The `mhcflurry-predict` command generates predictions from the command-line.

``` sourceCode
$ mhcflurry-predict --alleles HLA-A0201 HLA-A0301 --peptides SIINFEKL SIINFEKD SIINFEKQ
allele,peptide,mhcflurry_prediction,mhcflurry_prediction_low,mhcflurry_prediction_high
HLA-A0201,SIINFEKL,5326.541919062165,3757.86675352994,7461.37693353508
HLA-A0201,SIINFEKD,18763.70298522213,13140.82000240037,23269.82139560844
HLA-A0201,SIINFEKQ,18620.10057358322,13096.425874678192,23223.148184869413
HLA-A0301,SIINFEKL,24481.726678691946,21035.52779725433,27245.371837497867
HLA-A0301,SIINFEKD,24687.529360239587,21582.590014592537,27749.39869616437
HLA-A0301,SIINFEKQ,25923.062203902562,23522.5793450799,28079.456657427705
```

The predictions returned are affinities (KD) in nM. The `prediction_low` and `prediction_high` fields give the 5-95 percentile predictions across the models in the ensemble. The predictions above were generated with MHCflurry 0.9.2.

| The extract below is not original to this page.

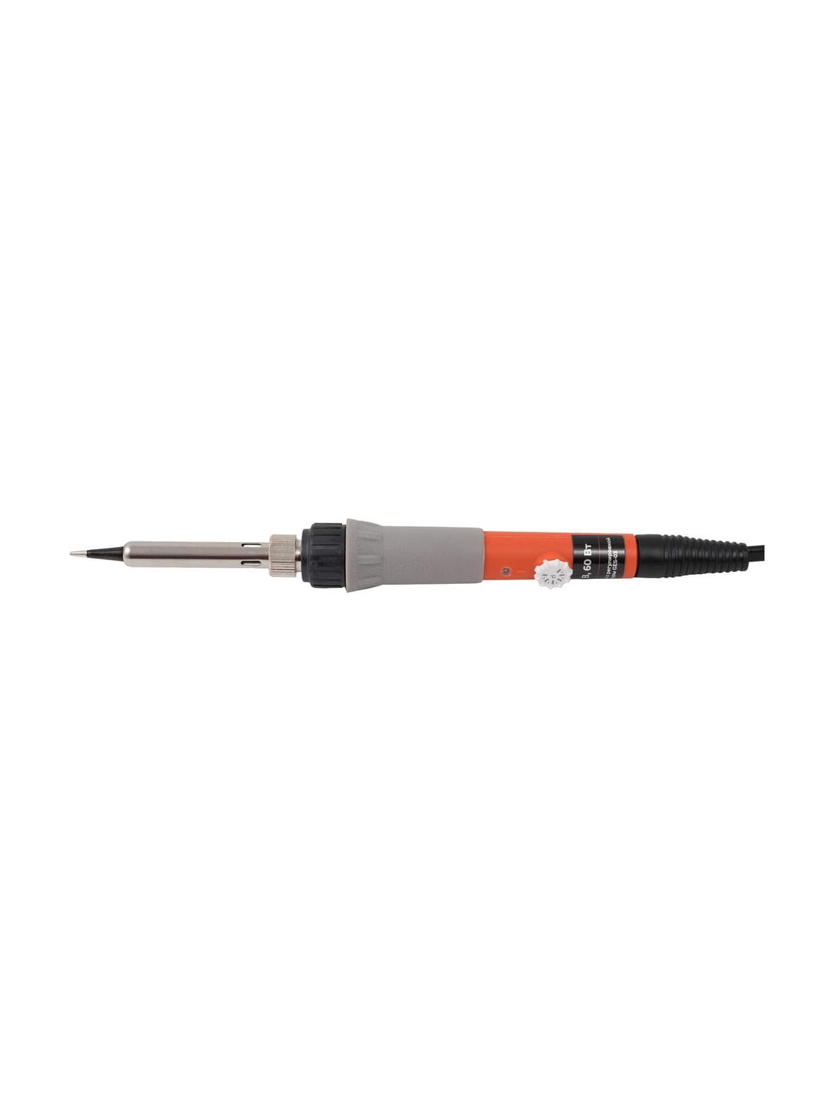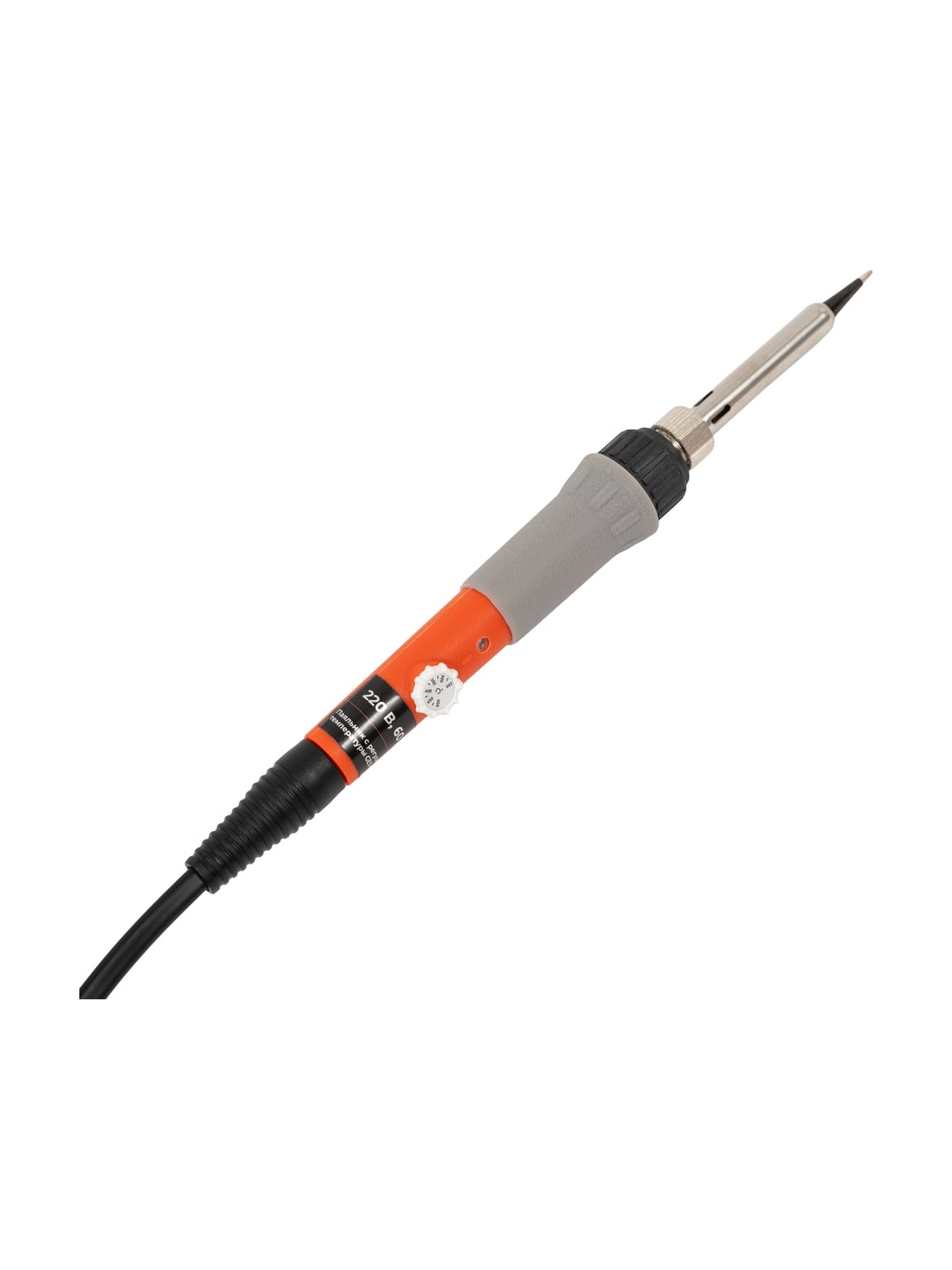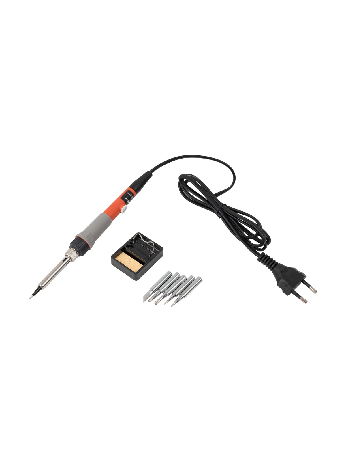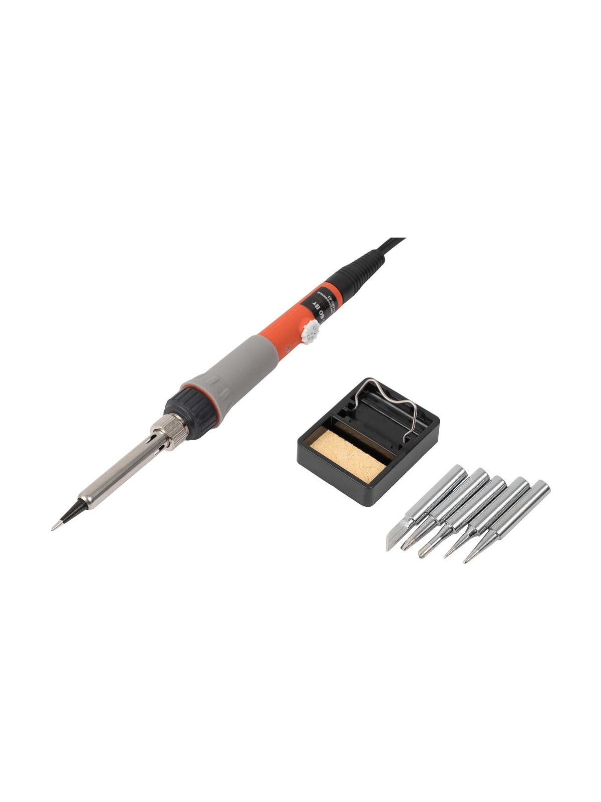 Керамический паяльник Gigant GES-03 мощностью 60 Вт — надежный и удобный паяльник с современной керамической нагревательной системой, предназначенный как для профессионалов, так и для домашних мастеров. Быстрый разогрев, широкие возможности регулировки температуры и расширенная комплектация делают его идеальным инструментом для точной электроники, ремонта техники, творчества и хобби. Особенности: Мощность: 60 Вт — быстрый выход на рабочую температуру для пайки большинства типов материалов. Керамический нагревательный элемент: обеспечивает стабильный нагрев и долгий срок службы без перегрева. Регулировка температуры (250–500°C): удобный плавный регулятор позволяет точно настроить температуру под каждую задачу. Пять сменных жал: подходят для различных работ — от пайки микросхем до монтажных работ. Эргономичная ручка: двухкомпонентное покрытие из нейлона и силикона надежно фиксируется в руке и не скользит. Компактная складная подставка: обеспечивает безопасность и удобство при перерывах в работе. Долговечное конусное жало: выполнено из меди и покрыто защитным лужением, устойчиво к износу и коррозии.

Your exact predictions may vary slightly from these (up to about 1 nM) depending on the Keras backend in use and other numerical details. Different versions of MHCflurry can of course give results considerably different from these.

You can also specify the input and output as CSV files. Run `mhcflurry-predict -h` for details.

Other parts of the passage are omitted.